In this newsletter, I want to focus instead on the role that generative AI will play in the distribution and consumption of media, and why we’re entering a new era of the internet where hyper-personalized content could reshape how we access information and entertainment.

The video below offers a summary of this article, generated with my AI avatar in Synthesia, though I encourage you to read the entire article:

Today, the main interface for accessing content online is the personalized social feed. It started in 2006 when Facebook replaced the chronological home page with a new feature called the News Feed. Powered by a ranking system, the News Feed used predictive AI-driven algorithms to curate existing content made up largely of posts shared by your friends, Facebook Pages you liked or Groups you joined (alongside a healthy sprinkle of personalized ads).

How News Feed ranking system works
How AI powers Facebook’s News Feed ranking algorithm

TikTok perfected the concept of a personalized feed by building a recommendation system that delivers content not just from your social graph but also based on your interests. While effective, TikTok’s approach still has one limitation: it can only rearrange pre-existing content. So whereas my For You feed might be different to yours, our feeds are picking from the same pool of standout videos.

That’s because traditional video is, at the end of the day, a one-to-many broadcast medium: you make it with a camera, you edit it with an app, and you upload it to TikTok or YouTube in the hopes of reaching millions of people.

Introduction to the TikTok recommendation system | TikTok

Generative AI is set to introduce a new paradigm of personalization by allowing you to create multiple versions of the same core content, each tailored to individual preferences, demographics, or cultural contexts. For instance, a company could generate one version of a product advertisement for a viewer in the United States and another for someone watching in France. The core message would remain the same, but elements such as language, cultural references, and even visual aesthetics or actors could be automatically adjusted to resonate with each specific audience.

This level of customization extends beyond just geographical differences. Generative AI could potentially create hundreds or even thousands of variations of a single piece of content, each fine-tuned to an individual's interests, viewing history, or even current mood.

The potential for increasing user engagement is enormous. Imagine an educational video that adjusts its tone and depth based on the viewer's expertise level, or that adapts its examples to align with the student's personal interests.

But in order to do that, we first need to rebuild the entire video delivery infrastructure to support these hyper-personalized and interactive experiences—and I’m excited to see Synthesia is doing exactly that. The most obvious place to start with generative AI and hyper-personalization is language: if I want to learn something new or watch an entertaining video, it’s easier to do it in my preferred language.

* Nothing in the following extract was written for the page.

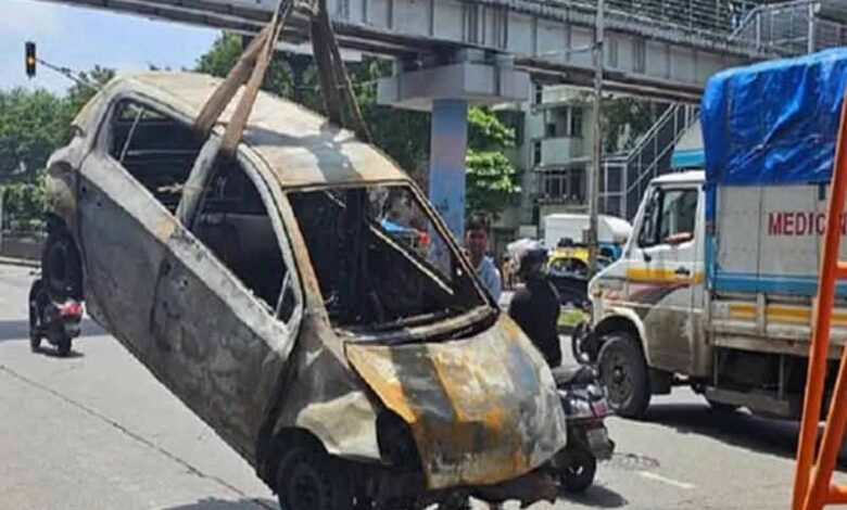 The locals summoned the fire brigade and also managed to extricate the passengers from the car, and rushed them to Sion Hospital for treatment. The fire teams which reached there later managed to extinguish the vehicle flames within minutes and later it was towed away for police investigations.
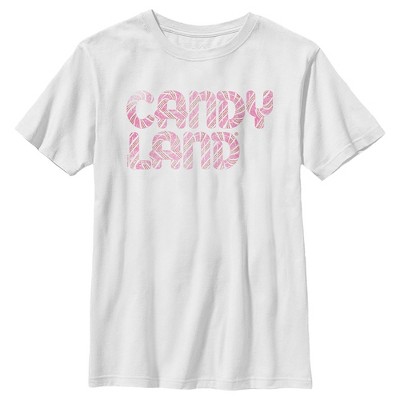 Welcome to Candy Land! If you are in the mood for something sweet, you found the right place with this Boys' Hasbro Candy Land Official Striped Logo Graphic T-Shirt! This stylish board game-inspired tee features a large graphic of the iconic Candy Land logo in a fun white striped pattern across the front. Gather your friends to play together along with all your favorite characters! Race to the goal following the path while wearing this officially licensed Candy Land apparel!

Click on the button below and you can watch an example video delivered by a new web player built by Synthesia. The video player allows you to easily switch between different versions of the same video through the language button in the bottom right corner. With just one click, you can toggle between the three versions I’ve generated and therefore watch variations of the same video in English, German, Romanian and Japanese. I’ve selected just four languages but Synthesia supports over 130.

Click to watch the video

Look closely and you’ll notice other subtle tweaks I’ve made beyond translating them. Generative AI allows you to fully localize videos right down to the varieties of a given language—in my example, I’ve created American and British English versions. Or you can even toggle between several AI avatars that are targeted for a specific audience. For example, in the Romanian version I’ve replaced the stock AI avatars with my own.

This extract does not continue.